Monitor running tasks with Celery

Tool: Celery is the task runner that manages task execution and scheduling.

To use Celery to request task information, pass the following environment variable(s) with your request:

export EIQ_PLATFORM_SETTINGS=/etc/eclecticiq/platform_settings.py

Append Celery commands after the environment variable(s).

Celery commands have the following format:

celery -A ${module_name} ${command}

Ping Celery to see which tasks are up and listening.

This is the easiest way to check task running status. All active tasks reply with pong.

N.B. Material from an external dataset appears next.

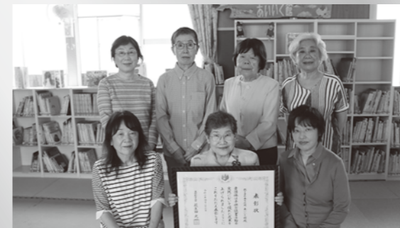
※あいいく館の催しは、26ページに掲載しています。

これは、国民の間に広く子どもの読書活動についての関心と理解を深めるとともに、子どもが積極的に読書活動を行う意欲を高める活動を推進するため、特色ある優れた実践を行っている学校、図書館、団体・個人に対して表彰を行うものです。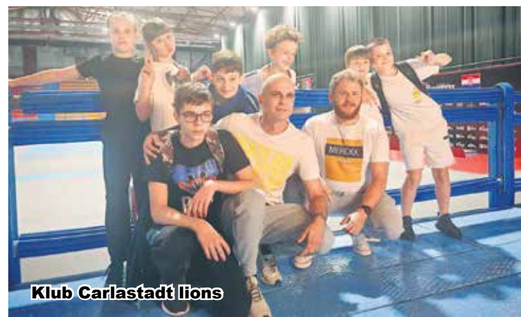
Klub Carlstadt lions

Klub brazilske jiu jitse "Carlstadt lions"

export EIQ_PLATFORM_SETTINGS=/etc/eclecticiq/platform_settings.py
/opt/eclecticiq/platform/api/bin/celery -A eiq.platform.taskrunner.app inspect ping

To inspect active tasks, run the following command(s):

export EIQ_PLATFORM_SETTINGS=/etc/eclecticiq/platform_settings.py
/opt/eclecticiq/platform/api/bin/celery -A eiq.platform.taskrunner.app inspect active

To inspect active tasks queues, run the following command(s):

export EIQ_PLATFORM_SETTINGS=/etc/eclecticiq/platform_settings.py
/opt/eclecticiq/platform/api/bin/celery -A eiq.platform.taskrunner.app inspect active_queues

To inspect scheduled tasks, run the following command(s):

export EIQ_PLATFORM_SETTINGS=/etc/eclecticiq/platform_settings.py
/opt/eclecticiq/platform/api/bin/celery -A eiq.platform.taskrunner.app inspect scheduled

To inspect overall task status, run the following command(s):

export EIQ_PLATFORM_SETTINGS=/etc/eclecticiq/platform_settings.py
/opt/eclecticiq/platform/api/bin/celery -A eiq.platform.taskrunner.app status

To request task statistics (exhaustive, but it can be verbose), run the following command(s):

export EIQ_PLATFORM_SETTINGS=/etc/eclecticiq/platform_settings.py
/opt/eclecticiq/platform/api/bin/celery -A eiq.platform.taskrunner.app inspect stats

(For further details, see the documentation on Celery ping, Celery workers, Celery worker statistics, and Celery monitoring)